> [Data to use]:
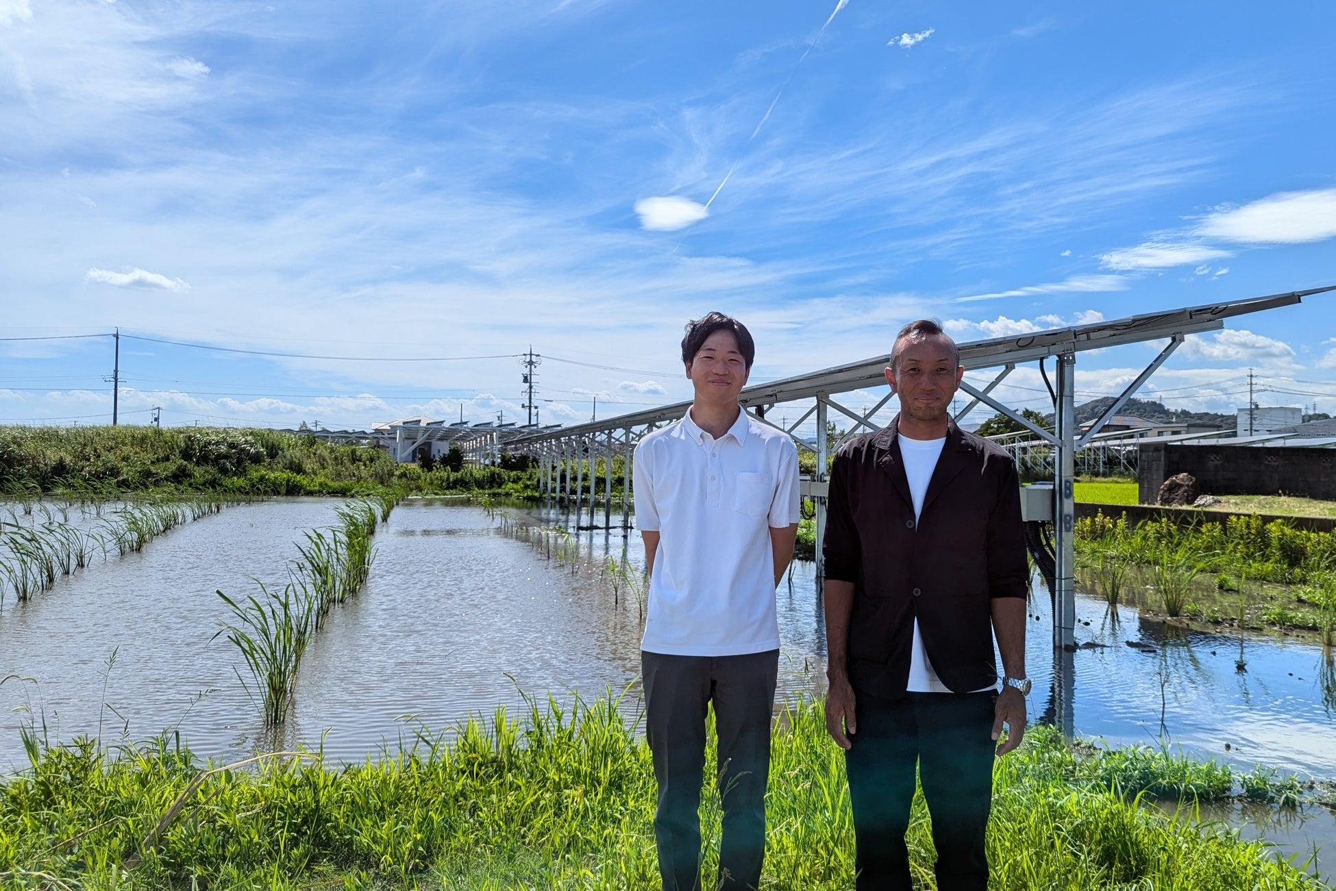 浜松マコモダケ発電所を背景に、オーナーのスマートブルー株式会社さま。【右】再エネ推進事業部 取締役COO 尾村豊さま【左】再エネ推進事業部 アグリビジネス課 加嶋優也さま
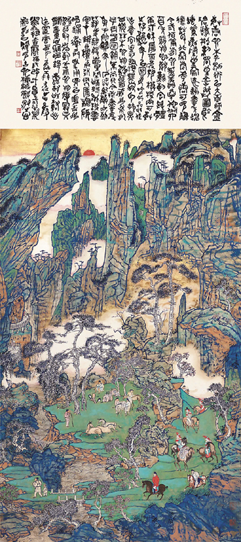 值得一提的是,本次展覽入展了幾幅張友憲“再創作”的作品。他十幾歲的時候曾在傅抱石先生后人家中有幸見過先生的一幅《汨羅江畔》,魂牽夢縈幾十年,于是在十幾年前創作了作品《汨羅江畔》,去年又在作品上做了進一步改動,使主題更加突出。另一幅《蒼茫暮色》曾在6年前于上海中華宮展出并收錄進大型畫冊,他一直想把畫面上的主角從中年改為老年,去年夏天實現了這個愿望,自覺還是比較成功。這一次到淮安市美術館做個展,他覺得作品中景物仍然有進一步再創作的必要,所以利用淮安市美術館大廳所具有的條件,在原作上增色完成了這幅巨制。
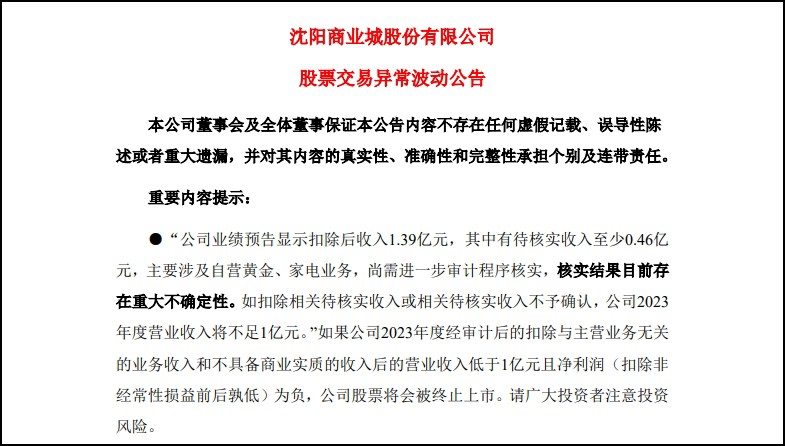 3月20日,沈陽商業(yè)城股份有限公司發(fā)布股票交易異常波動公告,披露了公司2023年度業(yè)績預(yù)告及相關(guān)業(yè)務(wù)情況。 據(jù)公告,該公司預(yù)計2023年度營業(yè)收入為1.39億元,但其中有待核實的收入至少0.46億元,主要涉及自營黃金和家電業(yè)務(wù)。若扣除待核實收入或不予確認(rèn),則2023年度營業(yè)收入將低于1億元。 同時,公告還披露了公司自營黃金業(yè)務(wù)和家電業(yè)務(wù)的具體情況。在自營黃金業(yè)務(wù)中,部分客戶消費大額、高頻或異地開戶交易,涉及金額約2522萬元。而在自營家電業(yè)務(wù)中,公司接受供應(yīng)商免費倉儲、物流服務(wù),部分商品由供應(yīng)商直發(fā)客戶,涉及金額約2065萬元。這些情況也增加了公司營業(yè)收入的不確定性。 公告還提到公司近六年四次籌劃重大資產(chǎn)重組均未果,且近三個會計年度連續(xù)虧損,最近一年審計報告顯示持續(xù)經(jīng)營能力存疑。這些情況表明,公司的財務(wù)狀況和未來發(fā)展前景都面臨較大的挑戰(zhàn)。 公司控股股東和實際控制人曾承諾注入優(yōu)質(zhì)資產(chǎn),但至今無進(jìn)展。這一承諾的落空也進(jìn)一步加劇了公司的經(jīng)營困境。 |
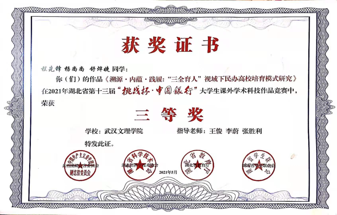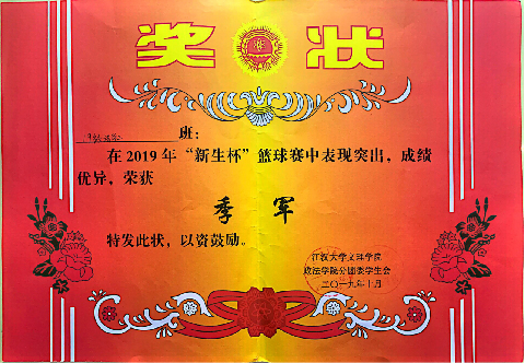 大学之育在于美学之育。19级法学二班韦占洋同学多次走上文理群星、元旦晚会等大型校级文艺活动的舞台,均获得较好名次,为公司的文艺事业做出了巨大的贡献,同时也为公司培养出一大批文艺青年。舒烨婕同学发挥创新思维,积极参加第十三届“挑战杯”并荣获省级三等奖。19级法学二班同学也活跃于各项领域,曾荣获太阳成集团tyc122ccvip“新生杯”篮球赛季军、“文理杯”足球赛团体赛冠军。
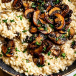 A creamy baked mushroom risotto featuring tender cremini mushrooms sautéed to golden perfection and Arborio rice baked in warm chicken broth with aromatic shallots, garlic, and fresh Parmesan cheese. This recipe simplifies traditional risotto by baking it in the oven, ensuring perfectly cooked rice with a luscious, creamy texture balanced by savory mushrooms.
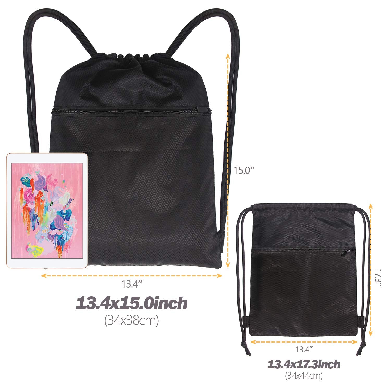 - The drawstring backpack with zipper large pocket compartment measures 13.4 x 11.8 which is big enough for mobile phone, wallet, cups, small umbrella or other items.
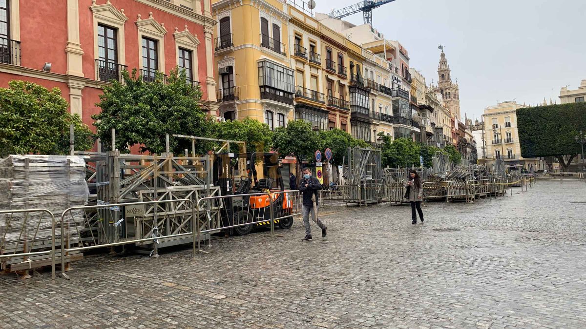Pese a que el proceso ha comenzado en la Plaza San Francisco, según avancen las semanas podrán verse estas estructuras a lo largo del tramo que comprende la Carrera Oficial, pasando por la Avenida de la Constitución, la plaza Virgen de los Reyes o la Campana, donde se prevé que finalice el montaje en torno al Domingo de Pasión, para retrasar el cierre al tráfico lo máximo posible.
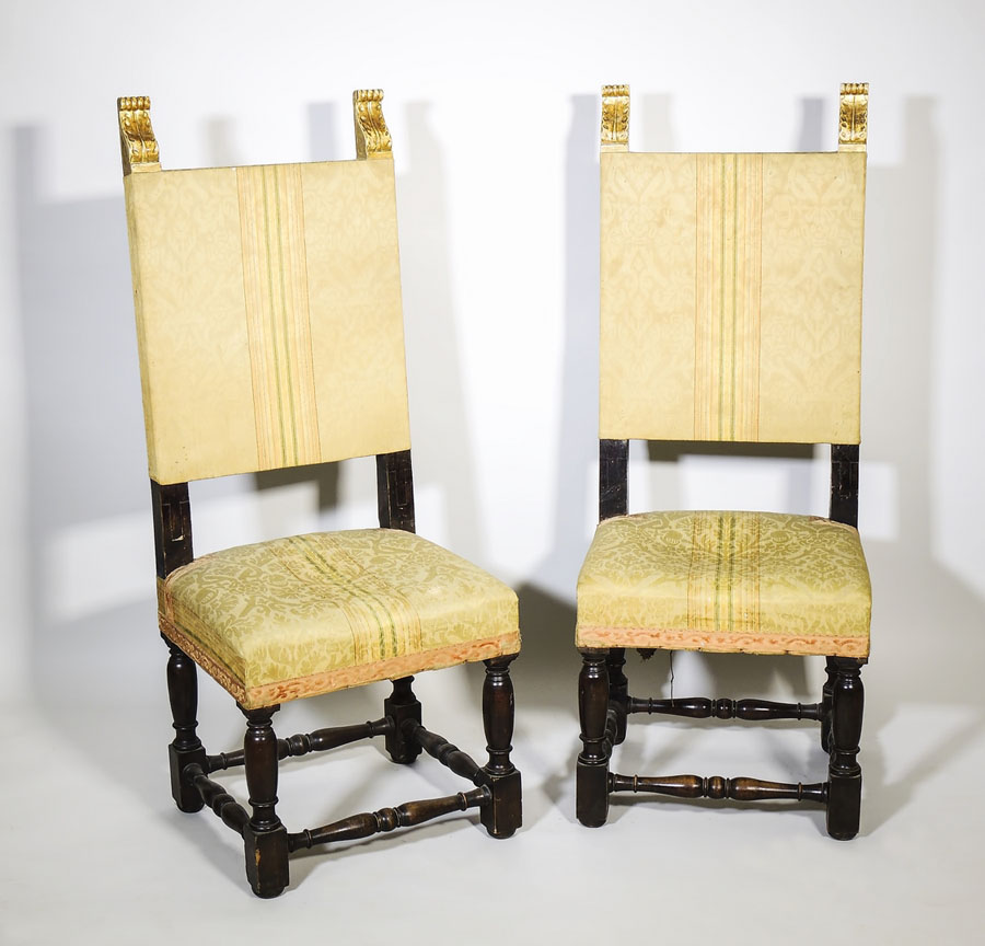 COPPIA DI SEDIE IN NOCE fine del XIX/inizio del XX secolo schienali desinenti a fiamma dorata, gambe tornite riunite da traverse, rivestite in tessuto verde salvia, lievi difetti PAIR OF WALNUT CHAIRS, LATE 19TH/EARLY 20TH CENTURY
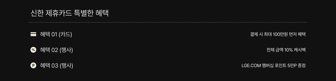 - 신한카드와 LG전자 내부 사정에 따라 사전 고지 없이 이벤트가 중단 및 변경될 수 있으며 혜택 지급 일자는 변경될 수 있습니다.
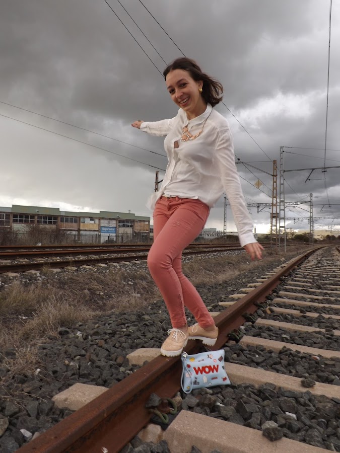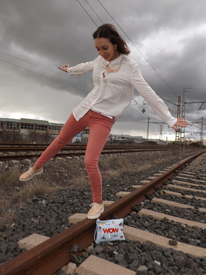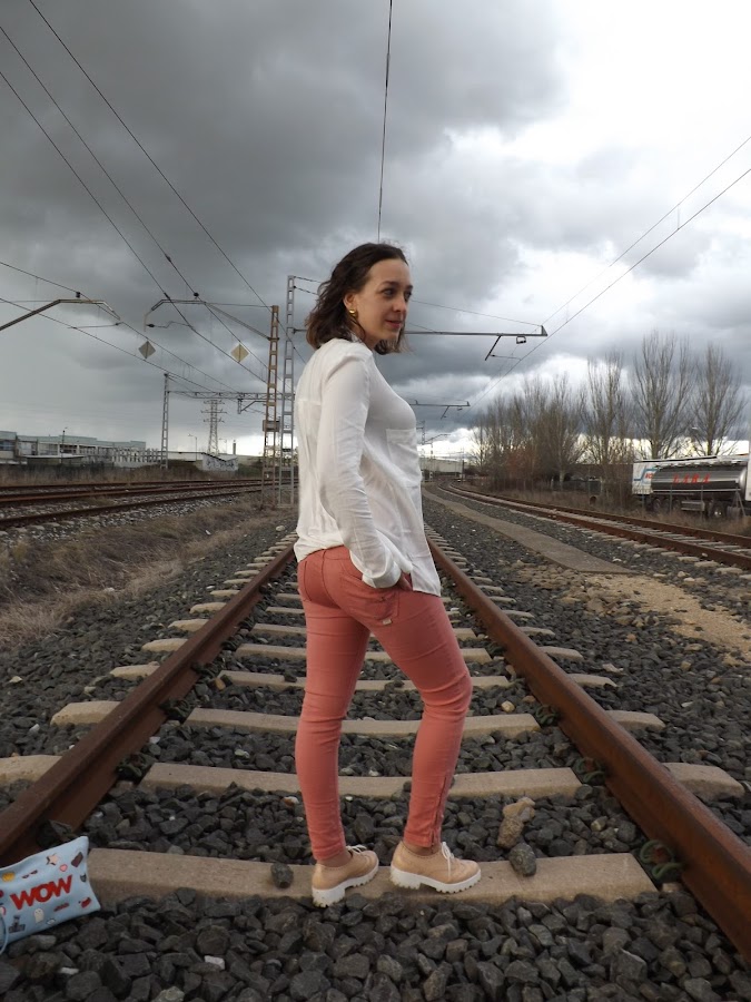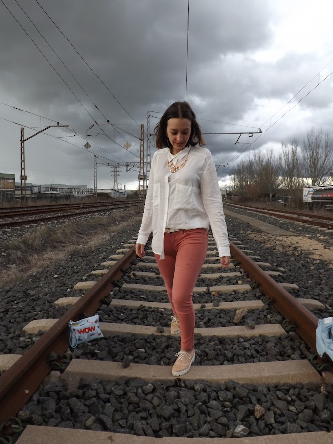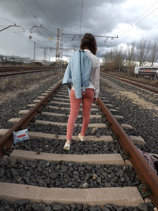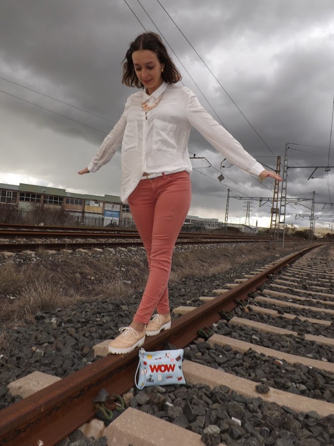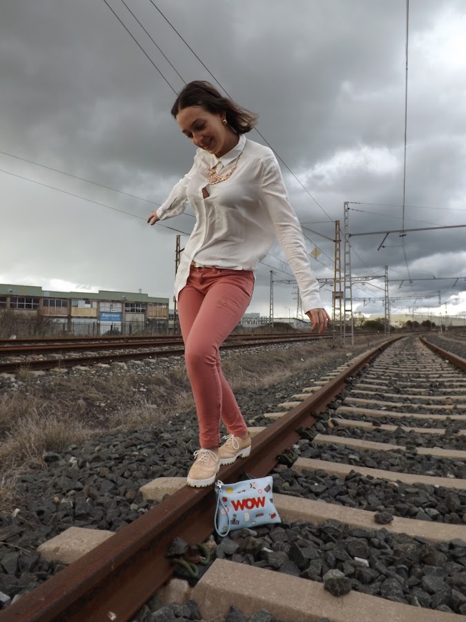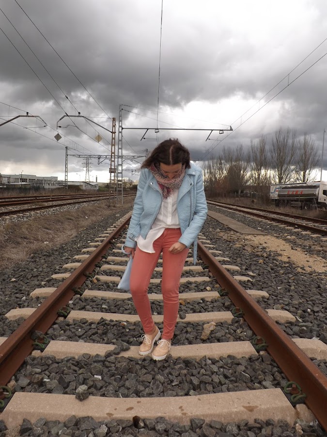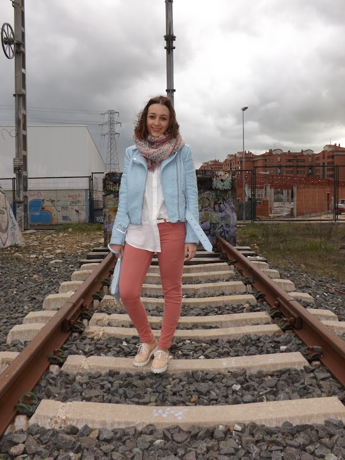 Dejando el tiempo a parte... tenía muchas ganas de estrenar en condiciones esta camisa y creé el outfit en torno a ella. Como quería ponerme también mis amados zapatos, opté por los tonos pastel: jeans rosas y biker y clutch azules.

> [What is being asked]:
Your answer should contain only the lines from the beginning of the listing above through the line with "值得一提的是,本次展覽入展了", copied exactly and without the pictures.

> [Your response]:
 浜松マコモダケ発電所を背景に、オーナーのスマートブルー株式会社さま。【右】再エネ推進事業部 取締役COO 尾村豊さま【左】再エネ推進事業部 アグリビジネス課 加嶋優也さま
 值得一提的是,本次展覽入展了幾幅張友憲“再創作”的作品。他十幾歲的時候曾在傅抱石先生后人家中有幸見過先生的一幅《汨羅江畔》,魂牽夢縈幾十年,于是在十幾年前創作了作品《汨羅江畔》,去年又在作品上做了進一步改動,使主題更加突出。另一幅《蒼茫暮色》曾在6年前于上海中華宮展出并收錄進大型畫冊,他一直想把畫面上的主角從中年改為老年,去年夏天實現了這個愿望,自覺還是比較成功。這一次到淮安市美術館做個展,他覺得作品中景物仍然有進一步再創作的必要,所以利用淮安市美術館大廳所具有的條件,在原作上增色完成了這幅巨制。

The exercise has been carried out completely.